Zacarias Moussaoui, who was convicted in 2006 of conspiring with the Sept. 11 attackers, has filed a complaint over the conditions at the federal prison where he is serving a life sentence.

The Associated Press reports that Moussaoui has filed handwritten petitions in federal courts in Oklahoma and Colorado, saying he suffers "psychological torture" as he is kept in complete isolation. Moussaoui seeks relief from prison guidelines that "keep me in total isolation without access to a lawyer to break me psychologically," according to the AP.

The news service says his petitions, which also claim that he has been assaulted while in federal custody, ask for the help of various judicial officials.

Moussaoui was charged with six conspiracy counts related to the Sept. 11 attacks, and his case from arrest to conviction stretched over five years. Prosecutors argued that he should be held responsible for a role in the attacks, which occurred while Moussaoui was already in jail. He had been arrested on immigration charges after arousing suspicion at a Minnesota flight school when he wanted to learn to fly a 747 though he had no pilot's license.

He was allowed to represent himself, though the judge kept his attorneys, with whom Moussaoui did not cooperate, on standby. He pleaded guilty.

Federal prosecutors sought the death penalty. But jurors decided he should receive life in prison instead, with some of them concluding that he played a minor role in the Sept. 11 attacks.

In a 2006 article about Moussaoui's sentencing, The New York Times examined the role of victims' families, some of whom testified for the prosecution, some for the defense:

"Neither group was allowed to testify on their preferences for Mr. Moussaoui's fate. But defense lawyers said they believed that the jurors inferred from their witnesses that some victims were not seeking the death penalty." 'The testimony of family members was immensely personal and also displayed the deep divisions that mark the issue of capital punishment in this country,' [one of Moussaoui's lawyers, Edward B. MacMahon Jr.] said. 'This is, to our knowledge, the only capital case where victims have testified as witnesses called by the defense. This testimony demonstrated resilience and the possibility of renewal.' "

Moussaoui's conviction was upheld by a federal appeals court in 2010, and he now lives out the rest of his days confined at the United States Penitentiary Administrative Maximum Facility in Florence, Colo., known as ADX.

Conditions there are intentionally isolating.

ADX was designed "to control a very small subset of the inmate population who show absolutely no concern for human life," Norman Carlson, then the director of the Federal Bureau of Prisons, told the San Francisco Chronicle in 1998.

Former inmate Travis Dusenbury spent 10 years locked up there.
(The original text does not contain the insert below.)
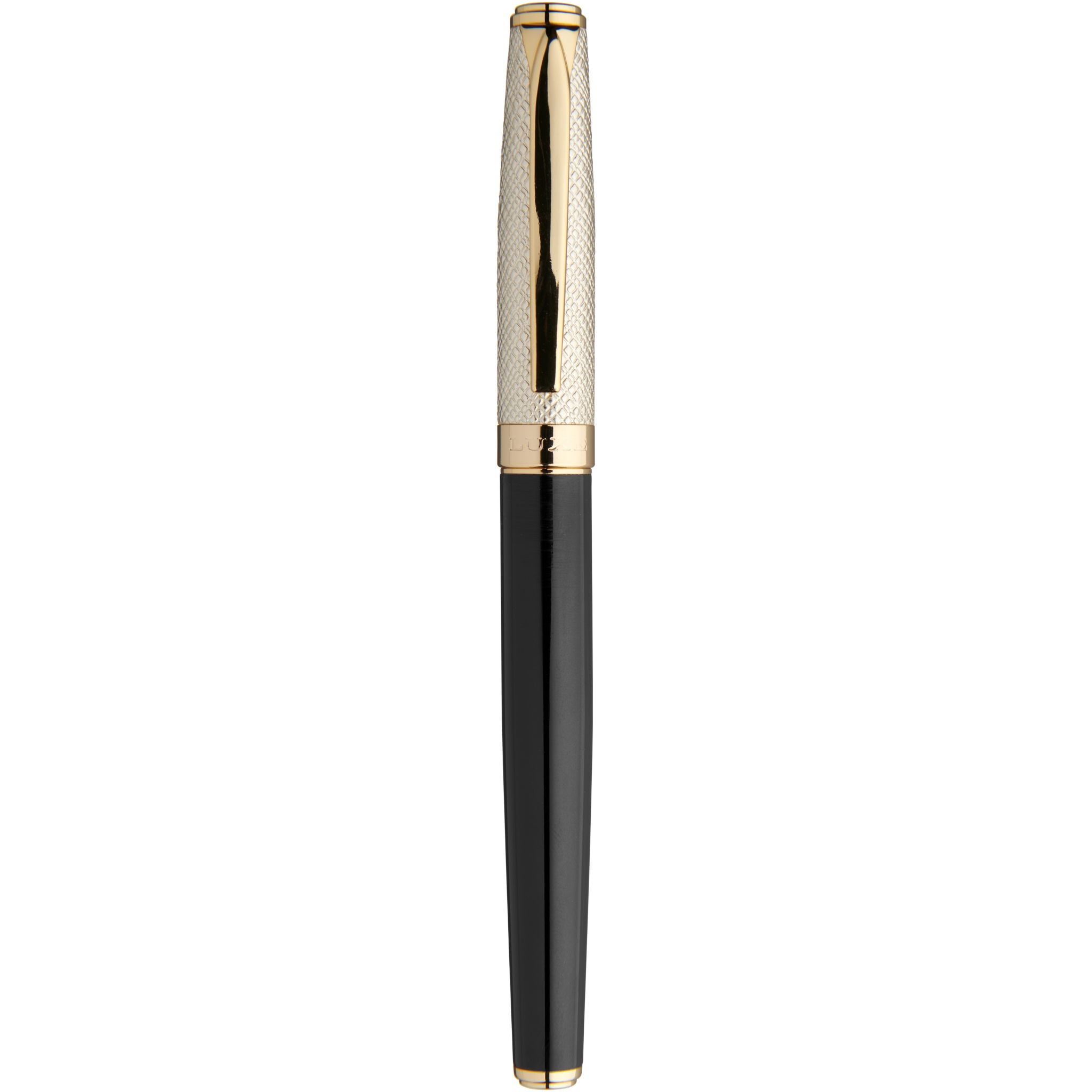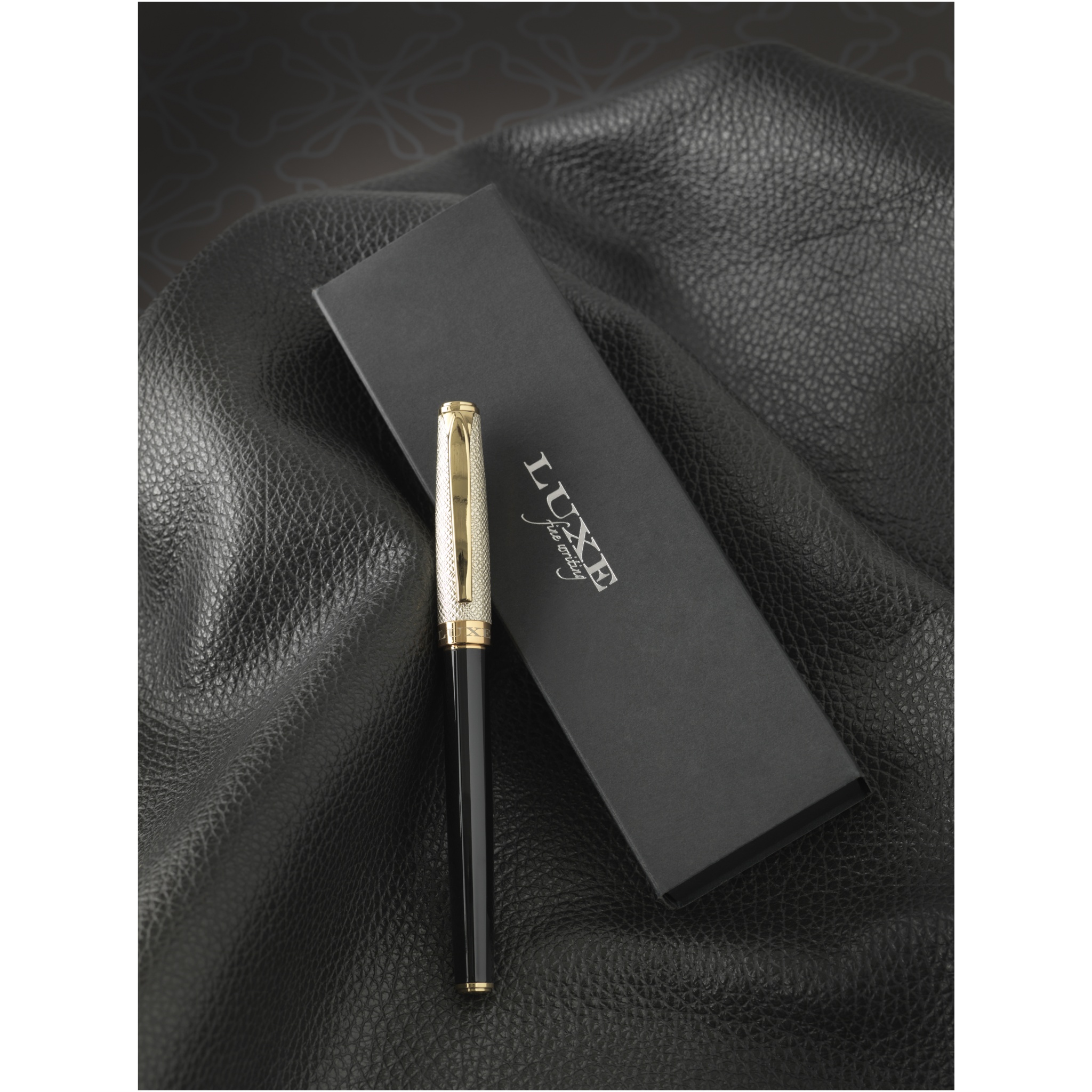 Роскошная ручка-роллер с золотым кожаным колпачком и лакированными золотыми деталями, поставляется в подарочной коробке LUXE. Нижняя часть корпуса выполнена из латуни, покрытой лаком, а верхняя — из латуни и полиуретана. Ручка-роллер: 14 см х 1,15 см, вес: 32 г, длина непрерывной линии: 500 м.

"It wasn't like any of the prisons I'd been to, and I've been to a lot of prisons. I've been locked up in some isolated, rural places, but at least at those places I could always see a highway, see the sky," he told the Marshall Project in 2016. "But at the ADX, you can't see nothing, not a highway out in the distance, not the sky. You know the minute you get there you won't see any of that, not for years and years."

"It's just the harshest place you've ever seen," Dusenbury said. "Nothing living, not so much as a blade of grass anywhere."

Many inmates at ADX spend 23 hours a day in solitary confinement.

In 2014, Amnesty International published a report on the physical and psychological impact of the conditions at the Supermax prison:

"Symptoms resulting from being held in isolation for extended periods include anxiety, depression, insomnia, hypertension, extreme paranoia, perceptual distortions and psychosis. "The ADX Florence federal facility has a capacity for 490 male inmates. Prisoners spend a minimum of 12 months in solitary confinement before they may become eligible for a reduction in the restrictions of their detention. In reality, many spend much longer in isolation. One study produced by lawyers found the average length of time an inmate would spend in isolation was 8.2 years."Most inmates are held in cells with solid walls and a barred, air-lock style chamber in front of a solid metal door, to ensure they have no contact with other prisoners. One small slit of a window allows them a view of the sky or a brick wall."Furniture in the cells is made of poured concrete and consists of a fixed bunk, desk and a stool, as well as a shower and a toilet. Meals and showers are taken inside the cells and medical consultations, including mental health checks, are often conducted remotely through teleconferencing."

The human rights organization says the use of prolonged solitary confinement at the prison amounts to cruel and inhuman treatment in violation of international law.